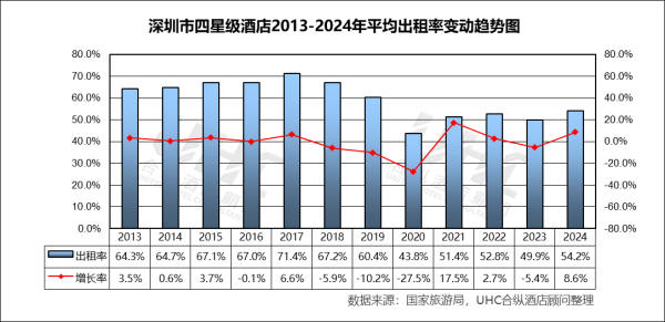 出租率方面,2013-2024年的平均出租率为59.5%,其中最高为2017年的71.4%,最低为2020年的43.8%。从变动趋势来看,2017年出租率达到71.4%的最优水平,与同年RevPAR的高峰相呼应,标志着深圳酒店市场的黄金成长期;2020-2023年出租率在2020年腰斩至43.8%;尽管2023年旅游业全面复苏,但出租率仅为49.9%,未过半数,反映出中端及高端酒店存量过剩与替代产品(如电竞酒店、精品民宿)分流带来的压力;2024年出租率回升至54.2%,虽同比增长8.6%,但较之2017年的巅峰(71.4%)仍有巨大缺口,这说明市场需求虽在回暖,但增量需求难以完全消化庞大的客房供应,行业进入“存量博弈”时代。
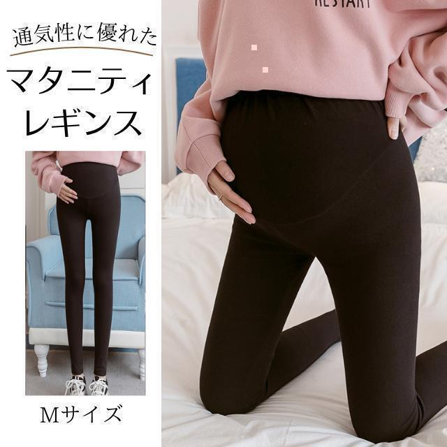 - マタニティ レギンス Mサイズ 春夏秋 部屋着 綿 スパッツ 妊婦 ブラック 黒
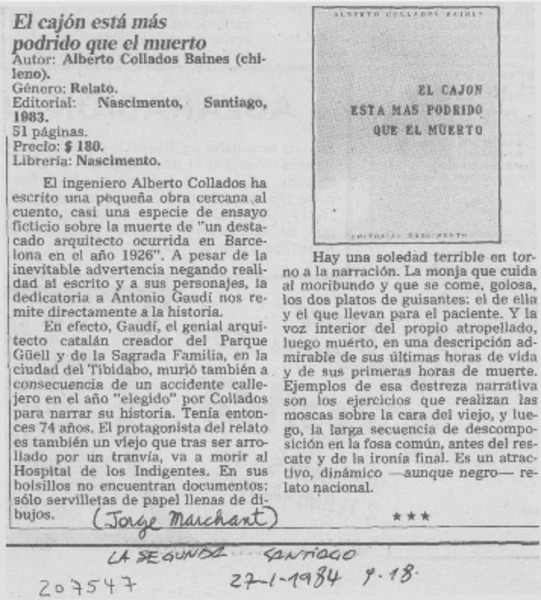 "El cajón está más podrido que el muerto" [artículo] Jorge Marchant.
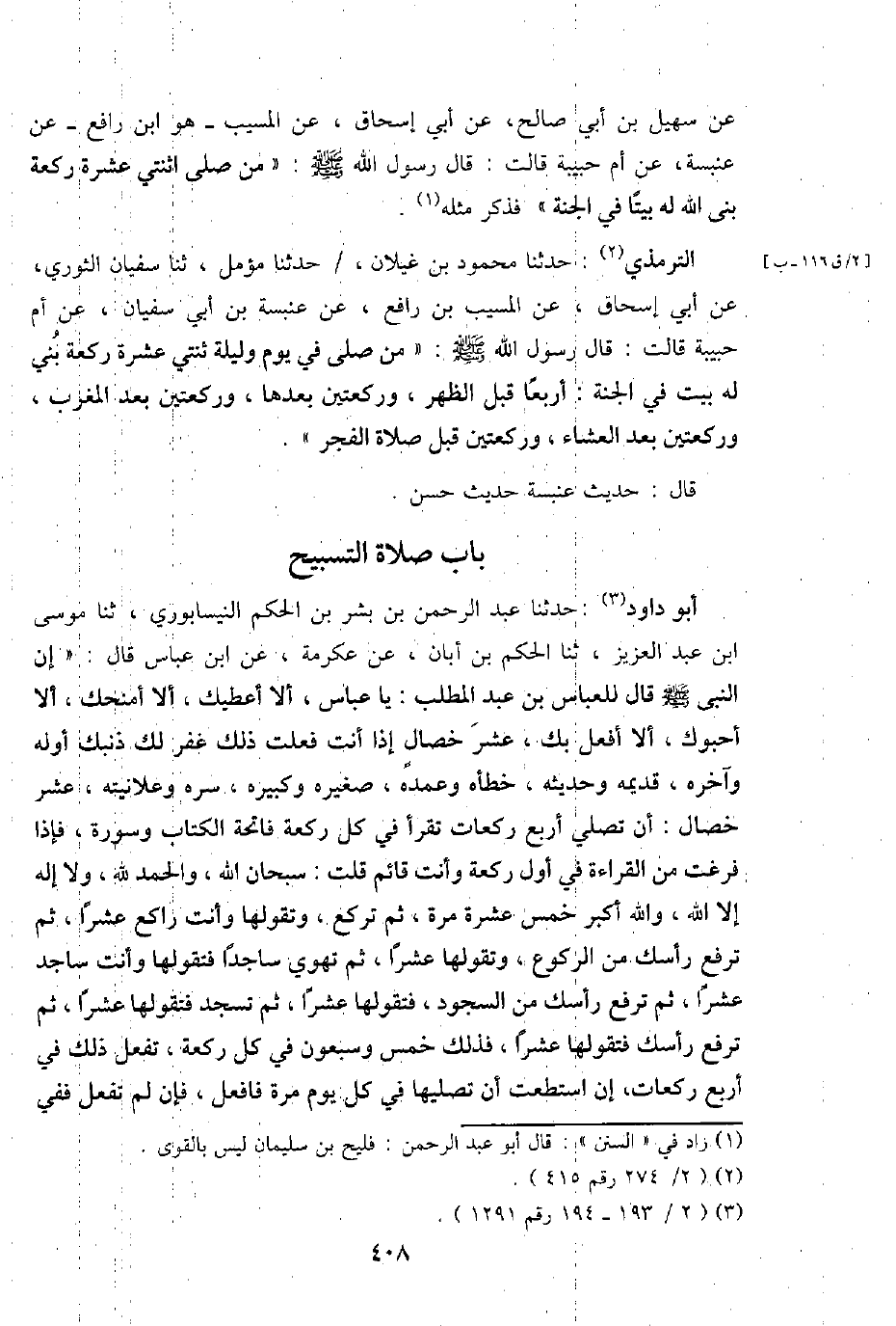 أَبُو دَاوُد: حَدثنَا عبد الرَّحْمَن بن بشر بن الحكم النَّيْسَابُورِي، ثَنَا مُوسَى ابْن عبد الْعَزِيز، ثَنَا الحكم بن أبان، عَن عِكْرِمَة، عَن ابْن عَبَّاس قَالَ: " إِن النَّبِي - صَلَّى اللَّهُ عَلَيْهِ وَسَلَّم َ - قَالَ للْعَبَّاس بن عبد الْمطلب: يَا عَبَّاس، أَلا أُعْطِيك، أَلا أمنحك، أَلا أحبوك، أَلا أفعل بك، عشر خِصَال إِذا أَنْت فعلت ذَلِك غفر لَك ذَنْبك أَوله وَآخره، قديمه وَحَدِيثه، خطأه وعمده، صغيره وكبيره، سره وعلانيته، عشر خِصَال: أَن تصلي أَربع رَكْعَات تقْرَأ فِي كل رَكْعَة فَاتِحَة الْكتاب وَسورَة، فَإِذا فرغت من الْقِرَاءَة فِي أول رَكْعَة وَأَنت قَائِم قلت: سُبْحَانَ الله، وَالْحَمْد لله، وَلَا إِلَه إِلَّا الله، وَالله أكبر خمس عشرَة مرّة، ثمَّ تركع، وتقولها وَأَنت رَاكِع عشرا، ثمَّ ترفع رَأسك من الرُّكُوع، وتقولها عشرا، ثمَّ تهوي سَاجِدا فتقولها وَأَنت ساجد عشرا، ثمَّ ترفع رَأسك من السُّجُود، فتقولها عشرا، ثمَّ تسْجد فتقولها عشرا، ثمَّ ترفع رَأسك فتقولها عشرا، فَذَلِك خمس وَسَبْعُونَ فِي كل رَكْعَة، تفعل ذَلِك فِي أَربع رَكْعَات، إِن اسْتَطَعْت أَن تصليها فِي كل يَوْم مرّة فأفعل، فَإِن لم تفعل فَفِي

+---+

Brief -> In the listing above, find the line containing "- マタニティ レギンス Mサイズ 春夏秋 部屋着 綿 スパッツ 妊婦 ブラック 黒" and the line containing "[artículo] Jorge Marchant.". Print those two lines and every line between them exactly, with no pictures.

Task output ->
 - マタニティ レギンス Mサイズ 春夏秋 部屋着 綿 スパッツ 妊婦 ブラック 黒
 "El cajón está más podrido que el muerto" [artículo] Jorge Marchant.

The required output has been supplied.